Peppermint (Mentha piperata)

These mint hills are planted in hollow blocks that I used as border for my vegetable plots.  It turned out to be a great container for this ever-spreading plant.   They were planted last spring and have been trimmed twice - once in the summer and once in late fall.  Regular cutting-back prevents the stems from touching the ground - which is to be avoided at all times.  Mint is roots so easily and sends out stolons that spread underground.  Stolons are modified stems that grow underground.  They emerge out of the ground, to function and become regular stems.  By the time the stolons appear above-ground it's usually be too late.  An invasive plant has established itself in your territory.
Thyme (Thymus vulgaris) and Onions (Allium cepa)

The tiny-leafed thyme is maintaining its foliage.  In the vegetable garden, I plant it as ground cover in between rows of vegetables.  It is shallow-rooted which means that it is not a potential danger to other plants.  Last spring I tucked thyme under zucchini and tomato plants.  In the shade, thyme produces longer internodes and softer leaves which I prefer for kitchen use.   As an ornamental plant, it is best to plant thyme in full sun.   

In early November I planted some small onions (too small for consumption) from the previous crop.  Now they are almost ready to be harvested as green onions (see picture above).   

Chives (Allium schoenoprasum)

Chives which were divided at the end of summer are doing well in 4" x 4" pots.   Rain and wind have caused the plants to lodge but they look great.   I am waiting till we get closer to warmer temperatures before I trim them down.  This is to discourage new growths from coming out (and allow the old ones to just die down.  
Herbs make a plant-choice for beginning gardeners.  My first advice is to plant the ones that you think are useful in your kitchen or those that would be beautiful in your garden.   Then learn about the growth habits of your herbs.  Some of them are invasive and self-seeding - they can cover your yard if left alone

They look somewhat sad now but it won't be long till they get revived again.  See how some of the herbs looked during the spring and summer of last year: Sage and Rosemary; Chives; Mint; Garlic Chives; and Oregano

Horseradish (Armoracia rusticana) has been named as the herb of the year 2011.  It might be a good time to try it in my garden.   
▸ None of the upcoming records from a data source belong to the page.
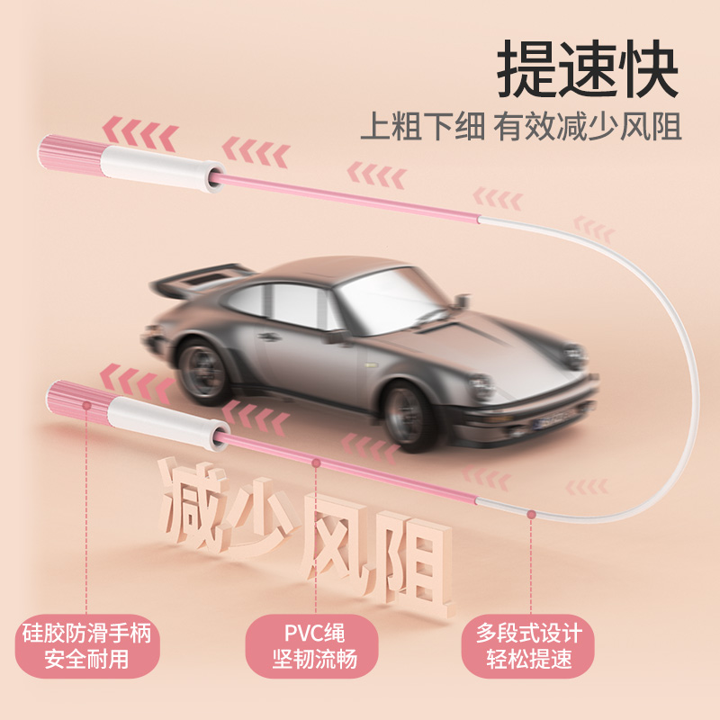 儿童跳绳粉色硅胶把(三段式) 送收纳袋/可DIY贴纸(贴纸自备)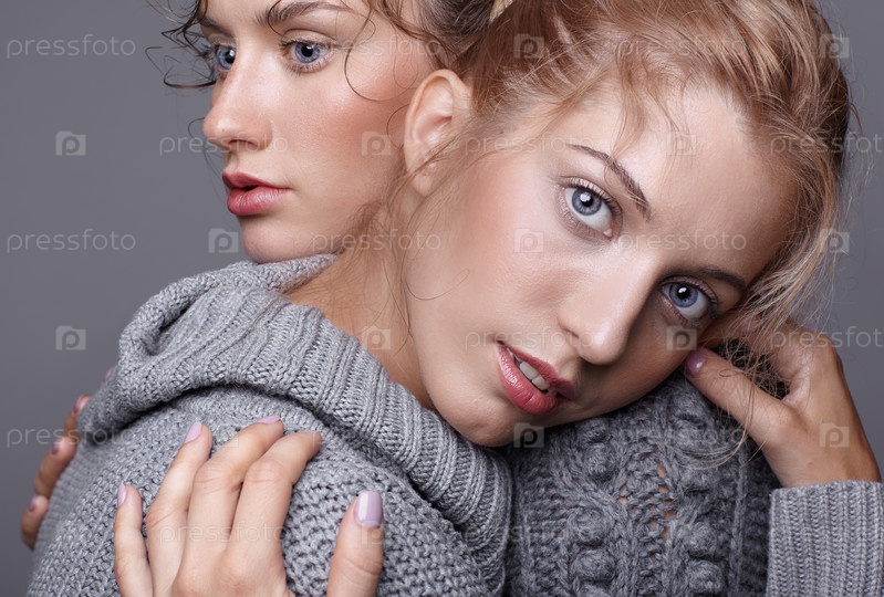 Две молодые женщины в серых свитерах на сером фоне. Красивые девушки протягивают руки в объятиях. Концепция женской дружбы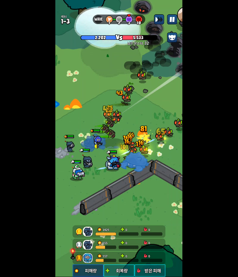 - 단순 방치가 아닌 실시간 전략 디펜스

What plant are you going to add to your herb collection this year?


p3chandan said...

Helen you have a healthy growth of herbs in your garden especially rosmary. Indian borage, bay leaves, mint, thai basil are in my kitchen garden, though rosmary is growing so slowly. Will add thyme, oregano and dill this year. They are great for salads and spicy dishes.

Patty said...

I brought in my rosemary to winter indoors and it got me wondering if there is a connection between it and lavender. There some similarities such as leaf structure and the pleasant way it leaves its scent on your fingers when you touch them. Perhaps you know something about this? As to your question, I am going to try basil in pots this year. I will have to move it around to follow the sun, being a shady garden.

Anonymous said...

I knew when I saw the title I would be a bit jealous. My poor, pathetic herbs grow on my kitchen windowsill. Yours look lovely.